Zapadła cisza. Bonnie przestała słyszeć nawet urywanych oddechów przyjaciółki. Z trwogą otworzyła oczy, by ujrzeć zakrwawione odłamki leżące na podłodze. Caroline nie było w pokoju.

Noc była piękna, jasna i przejrzysta jak nigdy. Caroline jednak nie miała już zamiaru podziwiać jej uroków. Klęczała na ganku, obejmując się ramionami, jakby tym gestem mogła obronić się przed wszystkimi niebezpieczeństwami. Zimny wiatr chlastał ją po twarzy, gdy wypełniała płuca powietrzem. Można było pomyśleć, że wampiry nie potrzebują powietrza. Dlaczego więc jej organy przypominały sobie o tym, co kiedyś uważały za niezbędne, właśnie wtedy, gdy nie mogła im tego dostarczyć?

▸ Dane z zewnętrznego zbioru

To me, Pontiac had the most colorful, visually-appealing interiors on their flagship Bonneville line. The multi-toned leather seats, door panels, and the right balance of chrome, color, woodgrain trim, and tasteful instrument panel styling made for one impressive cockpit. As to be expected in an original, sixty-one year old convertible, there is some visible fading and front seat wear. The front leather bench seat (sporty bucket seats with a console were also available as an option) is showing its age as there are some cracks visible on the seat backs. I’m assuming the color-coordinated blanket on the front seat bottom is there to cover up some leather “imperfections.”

Czuła tępy, pulsujący ból blisko serca. Rany po odłamkach nie miały zamiaru zagoić się w zwykłym, wampirzym tempie.
- Dlaczego? - krzyknęła przed siebie, kierując pytanie do tych, które postanowiły zniszczyć jej życie. - Dlaczego mi to robicie?
Nie zwracała już nawet uwagi na lecące z oczu łzy. Jeśli miały na to ochotę, niech płyną – może zabiorą z sobą trochę bólu.

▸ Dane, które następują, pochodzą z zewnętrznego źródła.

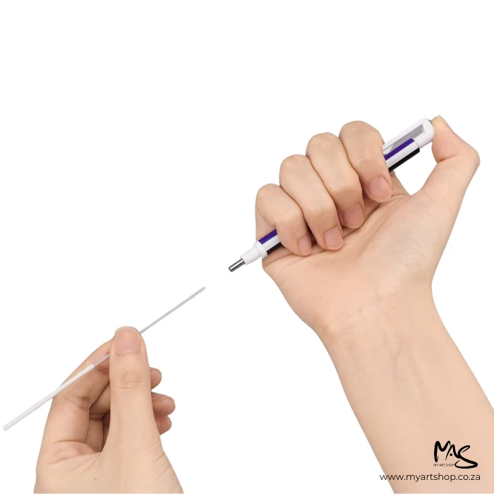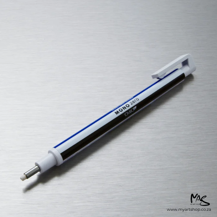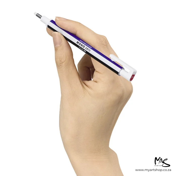 The Tombow MONO ZERO eraser offers reliable and detailed precision for artists seeking pinpoint erasing. Crafted with the legendary Tombow MONO eraser material known for its exceptional erasing quality, this eraser is housed in a pen style casing, ensuring a comfortable grip and controlled erasing with a small surface area. Perfect for erasing small details or removing thin streaks, such as drawing whiskers, the MONO ZERO eraser features a convenient click mechanism on the cap, akin to a retractable ballpoint pen. With a diameter of 2.3mm, the round eraser is ideal for intricate work. Additionally, the erasers are easily refillable, adding to their convenience.

Usłyszała za sobą dźwięk otwieranych drzwi, a po chwili poczuła czyjeś ramiona, zamykające ją w uścisku.
- Dlaczego wybrały akurat mnie? - wyszeptała.
- Nie wiem – odpowiedziała cicho Bonie, zgodnie z prawdą. - Naprawdę nie mam pojęcia.
- Miały przecież tak szeroką możliwość wyboru – kontynuowała Caroline. - Nikt nie byłby w stanie obronić się przed mocą tylu czarownic. Dlaczego nie wybrały Pierwotnych? Albo choćby Damona?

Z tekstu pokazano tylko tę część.